▶ Exercise instructions
For the listing below, return the line containing "UIS250L at lab sieve tower", the line containing "Sanders Creek.", and all lines in between, exactly as written and nothing else.

▶ Dataset extract
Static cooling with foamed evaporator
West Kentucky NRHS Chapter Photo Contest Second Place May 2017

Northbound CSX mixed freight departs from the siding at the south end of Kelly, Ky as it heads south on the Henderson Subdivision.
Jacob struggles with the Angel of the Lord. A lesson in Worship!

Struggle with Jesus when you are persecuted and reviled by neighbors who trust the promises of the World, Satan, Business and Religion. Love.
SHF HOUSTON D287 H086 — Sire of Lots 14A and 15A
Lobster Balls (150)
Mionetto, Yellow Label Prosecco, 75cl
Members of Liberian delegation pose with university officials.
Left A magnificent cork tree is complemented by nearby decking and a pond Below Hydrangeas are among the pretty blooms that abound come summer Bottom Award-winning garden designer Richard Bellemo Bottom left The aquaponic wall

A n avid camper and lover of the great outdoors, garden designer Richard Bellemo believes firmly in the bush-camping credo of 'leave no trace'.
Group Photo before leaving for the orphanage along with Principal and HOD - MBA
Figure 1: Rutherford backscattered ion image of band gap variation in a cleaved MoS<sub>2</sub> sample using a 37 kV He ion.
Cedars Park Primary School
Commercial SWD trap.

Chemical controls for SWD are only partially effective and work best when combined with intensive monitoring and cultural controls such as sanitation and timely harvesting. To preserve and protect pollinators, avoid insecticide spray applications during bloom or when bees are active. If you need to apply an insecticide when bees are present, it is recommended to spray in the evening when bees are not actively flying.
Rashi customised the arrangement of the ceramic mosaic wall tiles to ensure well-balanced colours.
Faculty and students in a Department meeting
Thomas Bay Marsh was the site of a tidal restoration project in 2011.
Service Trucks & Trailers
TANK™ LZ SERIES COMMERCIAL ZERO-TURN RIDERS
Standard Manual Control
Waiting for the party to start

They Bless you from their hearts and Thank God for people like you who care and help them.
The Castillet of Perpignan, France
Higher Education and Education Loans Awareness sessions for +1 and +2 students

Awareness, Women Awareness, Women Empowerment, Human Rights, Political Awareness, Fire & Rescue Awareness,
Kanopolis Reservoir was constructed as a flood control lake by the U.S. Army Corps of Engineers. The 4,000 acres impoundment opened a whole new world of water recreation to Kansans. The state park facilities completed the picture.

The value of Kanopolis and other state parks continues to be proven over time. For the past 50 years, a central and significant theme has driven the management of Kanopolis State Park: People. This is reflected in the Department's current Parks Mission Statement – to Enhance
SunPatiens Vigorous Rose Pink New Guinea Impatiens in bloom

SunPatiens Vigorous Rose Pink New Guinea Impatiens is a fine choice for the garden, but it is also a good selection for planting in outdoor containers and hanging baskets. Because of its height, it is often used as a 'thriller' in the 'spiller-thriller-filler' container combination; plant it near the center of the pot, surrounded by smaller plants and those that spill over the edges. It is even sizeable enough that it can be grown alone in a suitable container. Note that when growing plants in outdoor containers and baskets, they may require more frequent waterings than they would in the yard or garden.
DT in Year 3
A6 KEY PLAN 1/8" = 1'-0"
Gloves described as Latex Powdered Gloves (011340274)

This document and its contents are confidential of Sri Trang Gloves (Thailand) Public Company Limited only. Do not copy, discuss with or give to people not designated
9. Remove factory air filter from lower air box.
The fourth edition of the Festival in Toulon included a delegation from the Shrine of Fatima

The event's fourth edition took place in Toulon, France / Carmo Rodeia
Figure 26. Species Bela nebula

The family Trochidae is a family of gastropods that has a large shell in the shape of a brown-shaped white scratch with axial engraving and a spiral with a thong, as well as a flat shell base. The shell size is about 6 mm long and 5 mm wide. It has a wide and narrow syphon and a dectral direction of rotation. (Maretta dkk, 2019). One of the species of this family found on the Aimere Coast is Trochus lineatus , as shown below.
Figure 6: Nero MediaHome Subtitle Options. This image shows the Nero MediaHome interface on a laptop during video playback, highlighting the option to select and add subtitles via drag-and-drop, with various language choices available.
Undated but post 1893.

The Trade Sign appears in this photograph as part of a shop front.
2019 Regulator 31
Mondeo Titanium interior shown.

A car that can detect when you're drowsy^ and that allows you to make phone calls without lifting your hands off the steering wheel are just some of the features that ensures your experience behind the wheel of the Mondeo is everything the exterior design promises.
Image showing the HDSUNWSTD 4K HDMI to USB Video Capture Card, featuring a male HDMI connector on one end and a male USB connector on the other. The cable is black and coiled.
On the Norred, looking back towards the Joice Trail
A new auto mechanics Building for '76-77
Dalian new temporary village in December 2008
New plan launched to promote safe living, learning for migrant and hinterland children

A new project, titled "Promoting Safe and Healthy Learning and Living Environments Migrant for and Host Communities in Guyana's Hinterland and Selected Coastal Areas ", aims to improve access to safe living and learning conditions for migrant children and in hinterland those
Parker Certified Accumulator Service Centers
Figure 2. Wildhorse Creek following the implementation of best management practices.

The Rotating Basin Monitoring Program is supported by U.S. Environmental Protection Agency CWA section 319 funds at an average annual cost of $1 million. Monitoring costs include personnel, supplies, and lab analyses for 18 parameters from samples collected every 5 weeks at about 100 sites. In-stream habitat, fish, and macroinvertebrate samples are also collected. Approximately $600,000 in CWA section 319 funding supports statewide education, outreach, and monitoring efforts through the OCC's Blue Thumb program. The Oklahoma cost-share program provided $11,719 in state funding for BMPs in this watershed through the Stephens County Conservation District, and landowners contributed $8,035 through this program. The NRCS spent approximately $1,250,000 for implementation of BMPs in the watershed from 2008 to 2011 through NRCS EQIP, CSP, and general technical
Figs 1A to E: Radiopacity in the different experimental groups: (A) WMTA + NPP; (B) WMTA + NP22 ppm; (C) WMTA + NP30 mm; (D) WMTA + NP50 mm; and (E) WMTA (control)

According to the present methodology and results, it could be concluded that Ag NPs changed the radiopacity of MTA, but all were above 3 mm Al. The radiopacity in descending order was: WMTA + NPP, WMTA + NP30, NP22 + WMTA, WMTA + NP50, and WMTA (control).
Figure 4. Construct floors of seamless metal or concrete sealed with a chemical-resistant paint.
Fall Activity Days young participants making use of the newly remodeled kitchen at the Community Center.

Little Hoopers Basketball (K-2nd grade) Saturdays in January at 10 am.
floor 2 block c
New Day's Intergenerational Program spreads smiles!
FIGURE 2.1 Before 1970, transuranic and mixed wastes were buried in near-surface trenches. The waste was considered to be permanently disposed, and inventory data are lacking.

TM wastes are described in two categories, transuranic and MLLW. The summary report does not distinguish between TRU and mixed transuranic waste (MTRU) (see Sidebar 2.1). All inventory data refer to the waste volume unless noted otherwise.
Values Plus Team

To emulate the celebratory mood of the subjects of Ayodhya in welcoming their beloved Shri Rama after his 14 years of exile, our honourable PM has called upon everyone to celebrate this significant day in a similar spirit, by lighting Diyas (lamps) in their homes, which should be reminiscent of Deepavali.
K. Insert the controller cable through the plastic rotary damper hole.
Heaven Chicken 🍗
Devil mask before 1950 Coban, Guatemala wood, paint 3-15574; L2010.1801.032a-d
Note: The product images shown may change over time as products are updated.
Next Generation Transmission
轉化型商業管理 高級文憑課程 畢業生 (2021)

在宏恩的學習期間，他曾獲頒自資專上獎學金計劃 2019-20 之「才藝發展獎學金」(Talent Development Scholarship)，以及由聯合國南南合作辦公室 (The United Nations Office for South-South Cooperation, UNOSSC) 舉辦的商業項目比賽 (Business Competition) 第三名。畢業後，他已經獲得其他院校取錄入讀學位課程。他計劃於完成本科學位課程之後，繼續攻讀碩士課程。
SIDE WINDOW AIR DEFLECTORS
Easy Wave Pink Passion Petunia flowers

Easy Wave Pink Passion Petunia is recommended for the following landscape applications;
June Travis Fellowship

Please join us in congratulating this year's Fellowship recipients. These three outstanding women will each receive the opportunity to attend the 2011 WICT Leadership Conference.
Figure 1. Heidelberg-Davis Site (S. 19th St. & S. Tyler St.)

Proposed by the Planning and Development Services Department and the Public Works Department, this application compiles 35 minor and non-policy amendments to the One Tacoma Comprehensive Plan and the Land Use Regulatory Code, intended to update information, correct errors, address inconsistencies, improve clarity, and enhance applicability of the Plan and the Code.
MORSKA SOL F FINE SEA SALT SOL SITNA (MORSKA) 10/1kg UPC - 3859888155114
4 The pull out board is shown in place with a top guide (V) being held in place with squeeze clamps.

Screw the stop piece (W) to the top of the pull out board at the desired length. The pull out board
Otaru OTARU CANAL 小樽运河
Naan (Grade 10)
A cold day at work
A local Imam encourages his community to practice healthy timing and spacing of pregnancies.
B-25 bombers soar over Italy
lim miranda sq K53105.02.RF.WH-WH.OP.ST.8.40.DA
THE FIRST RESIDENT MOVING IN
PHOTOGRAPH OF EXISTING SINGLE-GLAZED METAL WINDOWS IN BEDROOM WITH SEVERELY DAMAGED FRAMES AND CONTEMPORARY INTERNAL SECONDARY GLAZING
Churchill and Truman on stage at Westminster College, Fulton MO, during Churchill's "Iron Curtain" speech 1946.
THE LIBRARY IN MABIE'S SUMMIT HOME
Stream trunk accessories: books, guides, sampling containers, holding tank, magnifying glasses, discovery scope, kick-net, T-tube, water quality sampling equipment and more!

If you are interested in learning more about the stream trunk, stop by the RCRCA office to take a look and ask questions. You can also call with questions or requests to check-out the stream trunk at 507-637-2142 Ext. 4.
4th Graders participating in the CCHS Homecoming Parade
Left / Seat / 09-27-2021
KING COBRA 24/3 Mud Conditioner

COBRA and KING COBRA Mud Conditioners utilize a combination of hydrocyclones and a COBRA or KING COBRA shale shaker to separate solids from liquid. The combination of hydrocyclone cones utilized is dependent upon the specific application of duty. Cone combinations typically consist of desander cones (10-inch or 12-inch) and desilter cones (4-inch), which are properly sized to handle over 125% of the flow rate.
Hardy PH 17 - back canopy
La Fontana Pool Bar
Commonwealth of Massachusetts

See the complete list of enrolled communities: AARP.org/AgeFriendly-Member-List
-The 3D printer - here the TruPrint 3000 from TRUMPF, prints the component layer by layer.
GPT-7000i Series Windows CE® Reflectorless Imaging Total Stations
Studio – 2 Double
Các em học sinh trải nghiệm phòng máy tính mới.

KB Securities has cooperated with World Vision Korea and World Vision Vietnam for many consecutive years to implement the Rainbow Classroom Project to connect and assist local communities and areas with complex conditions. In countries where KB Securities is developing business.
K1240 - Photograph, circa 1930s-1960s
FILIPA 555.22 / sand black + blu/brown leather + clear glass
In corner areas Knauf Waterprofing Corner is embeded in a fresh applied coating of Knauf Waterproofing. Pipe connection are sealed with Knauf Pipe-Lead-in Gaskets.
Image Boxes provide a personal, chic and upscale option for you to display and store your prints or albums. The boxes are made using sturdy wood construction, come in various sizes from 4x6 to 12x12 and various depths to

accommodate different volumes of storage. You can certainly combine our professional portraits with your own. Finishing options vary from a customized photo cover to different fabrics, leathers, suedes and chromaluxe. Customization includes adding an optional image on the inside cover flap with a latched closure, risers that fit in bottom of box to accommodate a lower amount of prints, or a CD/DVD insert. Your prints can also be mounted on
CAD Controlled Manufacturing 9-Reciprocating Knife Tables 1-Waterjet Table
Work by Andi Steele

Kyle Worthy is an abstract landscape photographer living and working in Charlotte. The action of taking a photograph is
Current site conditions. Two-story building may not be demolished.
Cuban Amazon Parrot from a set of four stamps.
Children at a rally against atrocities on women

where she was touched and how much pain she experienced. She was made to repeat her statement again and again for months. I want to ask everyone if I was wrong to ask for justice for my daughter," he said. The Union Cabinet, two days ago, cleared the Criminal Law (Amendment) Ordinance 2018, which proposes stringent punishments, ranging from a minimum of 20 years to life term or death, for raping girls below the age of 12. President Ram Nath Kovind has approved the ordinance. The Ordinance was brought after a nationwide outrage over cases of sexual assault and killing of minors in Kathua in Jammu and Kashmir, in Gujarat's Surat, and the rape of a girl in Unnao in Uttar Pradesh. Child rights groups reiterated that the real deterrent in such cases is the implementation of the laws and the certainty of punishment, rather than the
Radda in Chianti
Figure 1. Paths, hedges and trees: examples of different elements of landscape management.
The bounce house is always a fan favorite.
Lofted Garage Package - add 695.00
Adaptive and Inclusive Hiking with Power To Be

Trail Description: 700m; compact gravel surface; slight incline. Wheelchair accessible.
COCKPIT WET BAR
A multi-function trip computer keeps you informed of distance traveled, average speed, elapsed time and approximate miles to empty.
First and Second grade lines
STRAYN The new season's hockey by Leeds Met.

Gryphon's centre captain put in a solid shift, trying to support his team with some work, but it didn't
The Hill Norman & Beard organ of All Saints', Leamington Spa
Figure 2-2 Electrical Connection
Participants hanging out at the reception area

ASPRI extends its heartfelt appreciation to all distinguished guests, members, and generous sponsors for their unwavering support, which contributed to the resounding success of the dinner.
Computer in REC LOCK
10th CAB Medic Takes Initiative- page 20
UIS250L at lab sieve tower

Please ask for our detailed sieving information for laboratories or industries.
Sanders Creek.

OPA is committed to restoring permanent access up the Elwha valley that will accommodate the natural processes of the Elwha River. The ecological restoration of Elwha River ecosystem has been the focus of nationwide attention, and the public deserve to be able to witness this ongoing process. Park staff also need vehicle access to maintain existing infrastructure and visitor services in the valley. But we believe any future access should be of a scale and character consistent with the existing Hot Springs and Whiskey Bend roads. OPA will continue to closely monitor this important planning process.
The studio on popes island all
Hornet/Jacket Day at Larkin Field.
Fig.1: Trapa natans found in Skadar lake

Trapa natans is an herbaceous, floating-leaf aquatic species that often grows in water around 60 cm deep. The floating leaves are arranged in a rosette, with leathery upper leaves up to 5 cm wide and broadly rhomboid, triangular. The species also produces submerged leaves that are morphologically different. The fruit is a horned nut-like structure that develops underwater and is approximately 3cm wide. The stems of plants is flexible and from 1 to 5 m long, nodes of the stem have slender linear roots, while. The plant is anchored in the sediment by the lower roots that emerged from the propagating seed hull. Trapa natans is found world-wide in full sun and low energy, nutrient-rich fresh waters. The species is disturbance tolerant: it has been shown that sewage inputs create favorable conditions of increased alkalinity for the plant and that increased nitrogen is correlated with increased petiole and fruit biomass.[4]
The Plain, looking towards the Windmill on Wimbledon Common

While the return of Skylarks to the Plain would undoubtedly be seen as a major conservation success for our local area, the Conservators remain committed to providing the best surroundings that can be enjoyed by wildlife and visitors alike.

▶ Answer for this exercise
UIS250L at lab sieve tower

Please ask for our detailed sieving information for laboratories or industries.
Sanders Creek.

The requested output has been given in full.